Dr. Charles Smith
Authorities should consider reviewing every child-welfare case where Dr. Charles Smith played a key role--and return apprehended children to their parents if appropriate, two leading experts have urged.
Most of the controversy around the Ontario pathologist's flawed child-death investigations has stemmed from the wrongful homicide prosecutions his opinions triggered. But in a paper commissioned by the Goudge judicial inquiry, professors at Queen's and McGill universities discuss another scenario: parents whose surviving children were taken from them because Dr. Smith erroneously concluded they killed another offspring.
"If forensic pediatric pathology reports are unreliable, there are likely to be profound implications in the child protection system," said the paper by Nick Bala and Nico Trocme.
Prof. Bala is a family law expert at Queen's and Prof. Trocme, a social-work faculty member at McGill, is a leading expert in child abuse.

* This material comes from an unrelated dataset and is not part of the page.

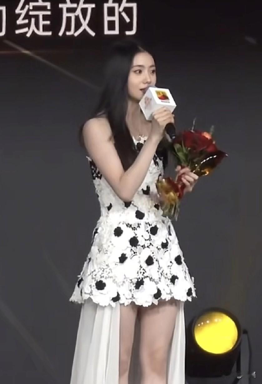 刘浩存身着黑白波点的短款蕾丝裙搭配飘逸白纱裙摆,手持鲜花与话筒,她肤白貌美

They note that a review of child-welfare cases was conducted in Britain after a similar affair involving a pediatrician's discredited court testimony. Children were reunited with their parents in two of the doctor's cases.

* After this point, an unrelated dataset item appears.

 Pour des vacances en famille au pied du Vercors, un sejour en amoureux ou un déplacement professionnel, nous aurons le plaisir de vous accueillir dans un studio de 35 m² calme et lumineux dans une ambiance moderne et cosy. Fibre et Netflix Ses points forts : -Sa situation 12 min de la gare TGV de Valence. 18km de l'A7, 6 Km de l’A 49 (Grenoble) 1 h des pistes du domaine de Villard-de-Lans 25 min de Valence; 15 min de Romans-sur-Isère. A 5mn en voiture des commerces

It is unclear how many, if any, siblings apprehended after deaths that Dr. Smith investigated are still in the care of children's aid societies here. If some are and it is in their interests to rejoin their families, "the agency should … take all reasonable steps to support the reunification of parents and child," the report says.
However, if the children have already been adopted, it would be too traumatizing to remove them from that family now. It might be beneficial, though, to allow the birth parents some access to the children, the professors say.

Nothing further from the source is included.